I don't work in back of house yet, only front of house. Today I came late after the break time and it was a busy service, I also didn't put my apron on, the person in charge (rightly) told me off. I deserved it, and I suppose at the end of the day, everybody makes mistakes but I'm quite new at this so it was kind of a shock to the system. My friend who now works as a doctor once encouraged me to get into medicine. I told him that I am so squeamish over anatomy, I don't think I could ever do it. His reply: you get used to it, the first few cadavers are gross, scary, freaky, etc, but after a while you become desensitised. Is that the case also in the kitchen?


----------



## cookers (Jun 11, 2011)

There will always be in someone in charge of you no matter who you are, and what your job is. However some people take it further than others. My head chef told me a title means nothing to him and that he doesn't scream at people because they'll continue to just disobey him. He said the best way to get what you want out of someone is to respect them. Everyone should be called out on their mistakes, and everyone should be screamed at. It teaches you things you don't realize about yourself until you look back. Like how much stress you can tolerate or how to be responsible for your own actions. If a person wants to be a bully though, the hell with them. Stick around, try to do things right and see what happens. If he's a bully power tripping, go to a new kitchen or find a new job field. Just remember that no matter where you go though, there will be someone with authority over you screaming.


----------



## chefedb (Apr 3, 2010)

Then they should not be in charge.  Your chef is a smart man


----------



## tranquillo (May 26, 2012)

See it wasn't the chef, it was the maitre d who went off at me... and she's been very nice to me and even lenient to my mistakes. I want to enter the back of house world next semester (I'm in a training restaurant, and I know that it hardly does represent the real world, but it does simulate us into the real world) and there seems to be a lot of screaming amongst chefs, thanks for the feedback though. The screaming must be overrated. Where I am we aren't even allowed to swear! 

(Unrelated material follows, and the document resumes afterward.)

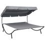 Esta tumbona doble, que incluye un gran dosel, llamará la atención dondequiera que se coloque. Es una opción perfecta para relajarse, o para divertirse con tu familia en el jardín, en el patio o en la playa. Fabricada en tela oxford resistente a la intemperie, la tumbona se puede utilizar al aire libre durante todo el año. La estructura de acero con recubrimiento en polvo brinda una gran estabilidad y garantiza a la tumbona una larga vida útil y una excelente durabilidad. La capota, hecha de poliéster repelente al agua, sin duda ofrecerá una experiencia de tumbado óptima. La tumbona para dos personas te proporciona sombra con su gran dosel. Nuestra tumbona doble es una combinación perfecta de estilo y funcionalidad. Nota: Para prolongar la vida de tus muebles de exterior, te recomendamos que los protejas con una funda impermeable.
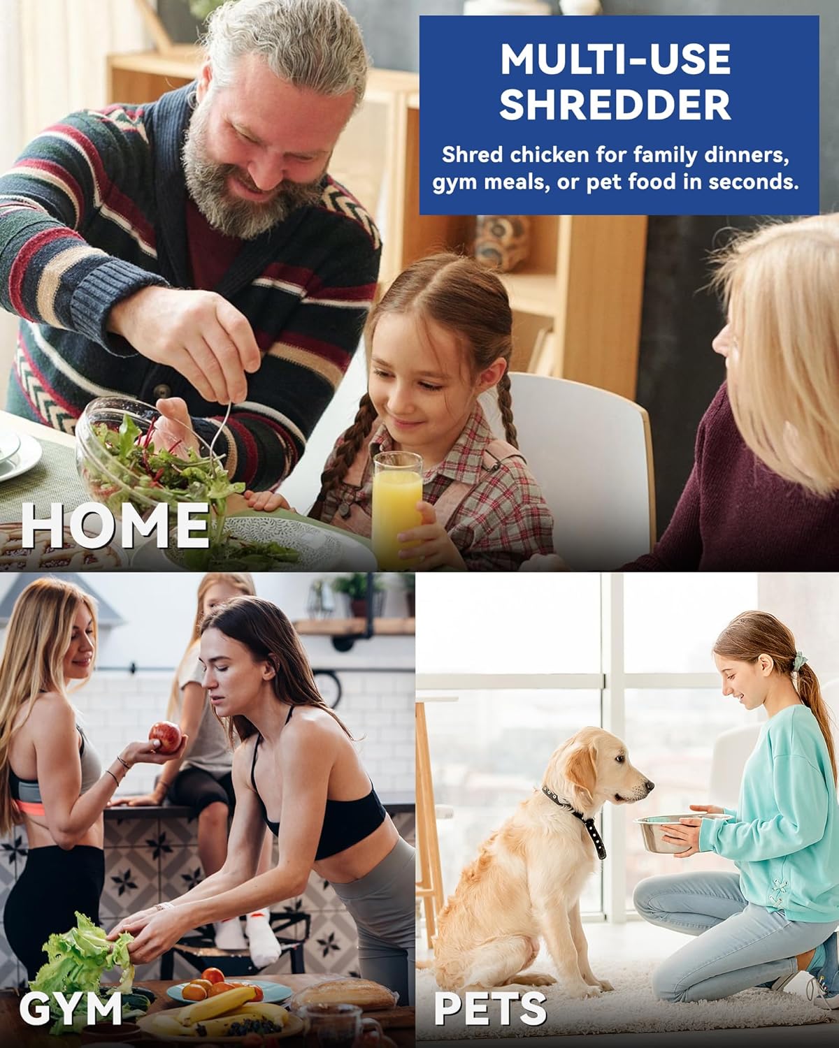 • 【Great Kitchen Helper】Perfect for fitness enthusiasts, barbecue lovers or those who love to cook, this meat grinder effectively shreds chicken, pork, beef and other vegetables, widely used for tacos, quesadillas and BBQ pork, tuna salad, buffalo chicken salad, casserole dishes. In addition, pet lovers can use this meat slicer to shred chicken for pet food. It makes an ideal gift for family and friends on any special day.

I studied music before I studied hospitality. There were people with huge inflated egos in the music world and on top of this, there were snobs (pianists who refused to play on upright pianos or digital pianos, people who didn't want to perform in any place except for a concert hall or a church with good acoustics, etc). There was no screaming, but passive bullying did exist... I know that there is an authority and a person over you in every place and field you work... but it seems a little bit more militarian in the food and beverage world. So I have noticed that there is screaming and telling off. In music, it was discreet, somebody makes a mistake - it's either too obvious to point out (the person already would know), or a person would consult the person making the mistake privately (often between a student and teacher). I've never been screamed at in that world. Having said, that I can tolerate the food and beverage world, but the screaming is still a bit new to me.


----------



## cookers (Jun 11, 2011)

Tranquillo said:


> I know that there is an authority and a person over you in every place and field you work... but it seems a little bit more militarian in the food and beverage world.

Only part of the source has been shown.